Fix Slack Channel Coverage Highwater

Created Jun 26, 2026openspec/changes/fix-slack-channel-coverage-highwater/design.mdView on GitHub →

Context

The observed failure is a coverage-honesty bug, not an MCP client bug and not grant filtering. The owner-token view can see historical Slack records for a channel whose current slackdump archive no longer includes the channel inventory or messages. Recent runs succeeded with no known gaps.

That creates two bad outcomes:

An agent can query PDPP, see no current records for a channel, and conclude the discussion did not happen.
A later archive repair can still miss messages if their timestamps are older than the workspace-global messages.last_ts.

Decision

The first fix is fail-loud and non-destructive:

Slack records the current archive channel inventory on the messages state cursor.
On the next run, Slack compares that prior inventory against the current archive inventory.
If a previously observed channel is missing, Slack emits a bounded SKIP_RESULT diagnostic for the messages stream and does not present the run as clean.
Slack persists channel_last_ts and reads messages with a per-channel threshold. A legacy last_ts remains a fallback for channels with no per-channel entry.

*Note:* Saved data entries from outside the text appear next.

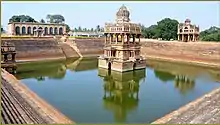 At the centre of the pond is Vasantha Mantapa, also known as karanji (fountain) mantapa, a symmetrical pillared tower which is built in Indo-Arabic style of architecture. It is built using granite, brick and mortar.[3] The design of this multi-levelled tower, which covers an area about 34 sq ft (3.2 m2), is in such a way that it appears to be floating in water when viewed from the banks of the pond. The arches, vaults and domes of the mantapa are built in the Arabic style of architecture while its columns, pyramidical towers and carvings are built in the Indian style. According to the local people, the water can cover the mantapa to a height of 10 feet (3.0 m) when the pond is full.
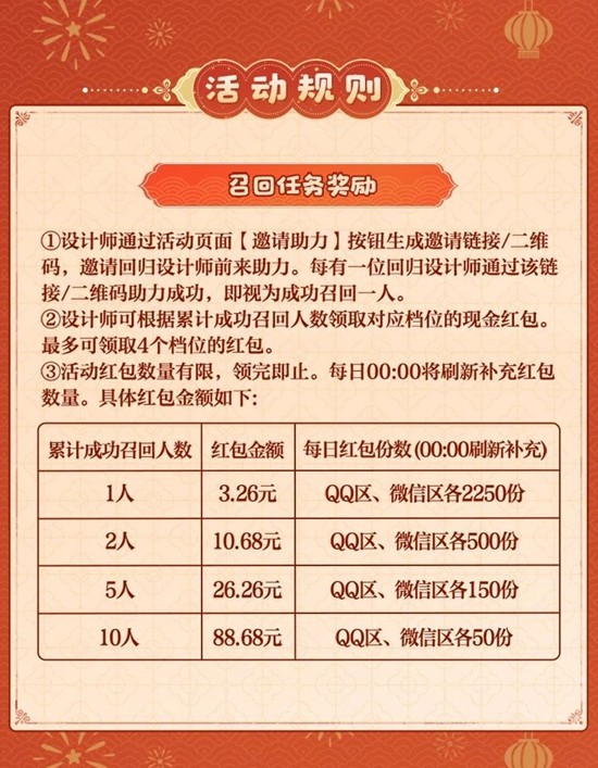 ④回归设计师也可以前往活动页面邀请其他回归设计师助力,完成召回任务领取红包奖励。
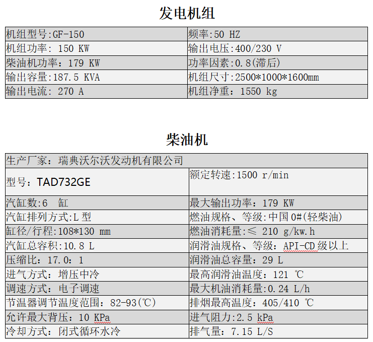 ★干式空氣過濾器,燃油過濾器,潤滑油過濾器、啟動馬達、并配有自充電發電機;
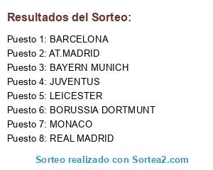 Lista de participantes: BARCELONA, REAL MADRID, BAYERN MUNICH, BORUSSIA DORTMUNT, AT.MADRID, JUVENTUS, LEICESTER, MONACO.
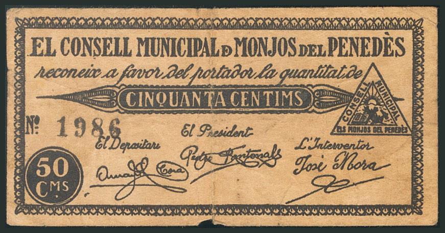 MONJOS DE PENEDES (BARCELONA). 50 Céntimos. (1938ca). (González: 8732). Raro. MBC.

This does not force a full recrawl or rewrite retained records. It makes partial coverage visible and stops the connector from skipping reappearing partitions behind a single global high-water.

The already-running owner instance needs one additional non-destructive repair because its existing Slack messages state predates the new fields. A dry-run-by-default Postgres repair script seeds observed_channel_ids and channel_last_ts from retained current Slack message records, preserving the existing archive_dir, fetched_at, and last_ts. After that seed, the next connector run can compare retained-known partitions against the current archive inventory and surface missing channels immediately.

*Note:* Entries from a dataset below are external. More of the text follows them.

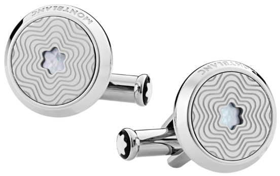 Круглые запонки Montblanc Star из нержавеющей стали с расходящимся волнами узором в виде звезды и эмблемой Montblanc из перламутра отражают эстетические каноны Дома. Эта коллекция представляет различные интерпретации эмблемы Montblanc.
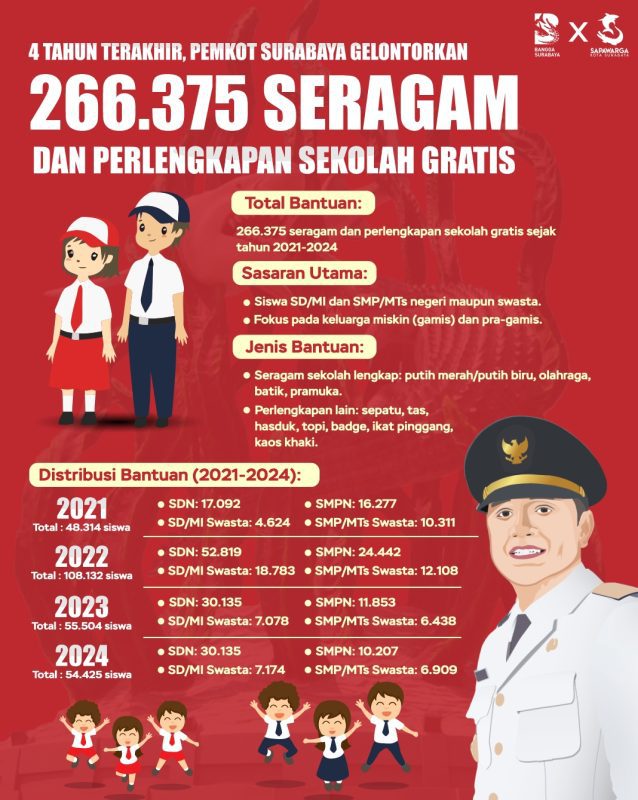 Dalam empat tahun terakhir, Pemerintah Kota (Pemkot) Surabaya menggelontorkan bantuan berupa seragam dan perlengkapan sekolah secara gratis kepada 266.375 siswa. Program ini dimulai sejak tahun 2021, dengan sasaran utama siswa dari jenjang SD/MI dan SMP/MTs negeri maupun swasta yang berasal dari keluarga miskin (gamis) maupun pra-gamis di Kota Pahlawan.
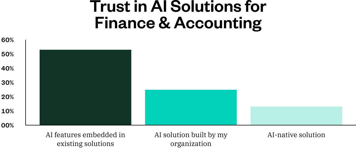 So what does “trustworthy AI” actually look like in the context of finance? The data indicates a desire for AI embedded directly into existing systems. Over half (53%) of finance and accounting decision makers say they would trust AI features embedded in existing solutions most, compared to an AI solution built by their organization (25%) or an AI-native solution (13%) when evaluating AI tools for finances.

Backfill itself is not automatic when the source archive is missing a channel. A targeted backfill must collect that channel into an isolated scoped archive rather than resuming the incomplete workspace archive. The collector runner therefore carries stream resources into START.scope, and the Slack connector treats messages.resources as channel IDs for prefetch and scoped message emission. The messages stream declares selection.resource_field: "channel_id" so the runtime still enforces the resource boundary without pretending the channel ID is the message record key. Scoped runs disable the legacy global last_ts fallback; they use a channel cursor if one exists, otherwise they perform a full targeted channel pass.

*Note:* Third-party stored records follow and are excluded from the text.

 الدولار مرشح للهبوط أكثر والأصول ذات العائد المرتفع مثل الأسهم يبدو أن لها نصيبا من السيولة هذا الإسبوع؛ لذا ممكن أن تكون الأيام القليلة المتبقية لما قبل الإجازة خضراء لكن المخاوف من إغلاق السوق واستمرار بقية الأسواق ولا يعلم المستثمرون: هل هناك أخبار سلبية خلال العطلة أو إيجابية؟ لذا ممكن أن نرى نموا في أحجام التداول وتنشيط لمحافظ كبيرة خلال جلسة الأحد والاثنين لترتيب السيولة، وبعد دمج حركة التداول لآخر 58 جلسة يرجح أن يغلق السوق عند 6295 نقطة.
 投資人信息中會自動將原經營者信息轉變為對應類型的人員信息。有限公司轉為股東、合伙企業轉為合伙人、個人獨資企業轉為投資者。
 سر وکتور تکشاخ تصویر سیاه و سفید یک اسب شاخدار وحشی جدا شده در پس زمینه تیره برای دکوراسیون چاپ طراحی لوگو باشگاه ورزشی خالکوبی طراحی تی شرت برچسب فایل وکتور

Owner-triggered reference runs also accept the same per-stream resource map. The ref and owner-agent run routes validate that resources is an object of string arrays, pass it to controller.runNow, and the controller converts it into runtime scope.streams[].resources. This keeps the repair path on the normal audited run surface instead of requiring a bespoke one-off ingest script.

Alternatives Considered

Force a full Slack recrawl now

Rejected for this tranche. It changes source load and credential/runtime behavior before the reason for the missing archive channel is proven. It is a repair operation and should be owner-gated.

Emit `DETAIL_GAP` for each missing channel

Rejected for now. Missing channel inventory is not per-record detail hydration; SKIP_RESULT is the safer existing runtime signal for connector-level partial coverage. A later health-surface change can add a first-class partition coverage event if needed.

Keep the global cursor and only add diagnostics

Rejected. Diagnostics would prevent false confidence, but reappearing channels could still be skipped if their messages are older than another channel's global maximum timestamp.

Acceptance Checks

A run whose prior state contains a channel that is absent from the current archive emits a SKIP_RESULT for messages with reason source_partition_missing.
A clean run with all prior channels still present emits no missing-channel skip.
Per-channel message cursors persist one timestamp per observed channel.
A channel without a per-channel cursor can use the legacy global cursor fallback.
The state-seed repair can compute retained Slack channel cursors without printing record payloads and writes only when --apply is passed.
A targeted Slack run for messages.resources=[channel_id] reads an isolated scoped archive, does not resume the main workspace archive, and does not let the legacy global cursor suppress that channel's older messages.
The collector runner can express stream resources in the START envelope so targeted backfills use the normal ingest path.
The owner/ref run surfaces can express stream resources and reject malformed resource bodies before starting a connector.
openspec validate fix-slack-channel-coverage-highwater --strict passes.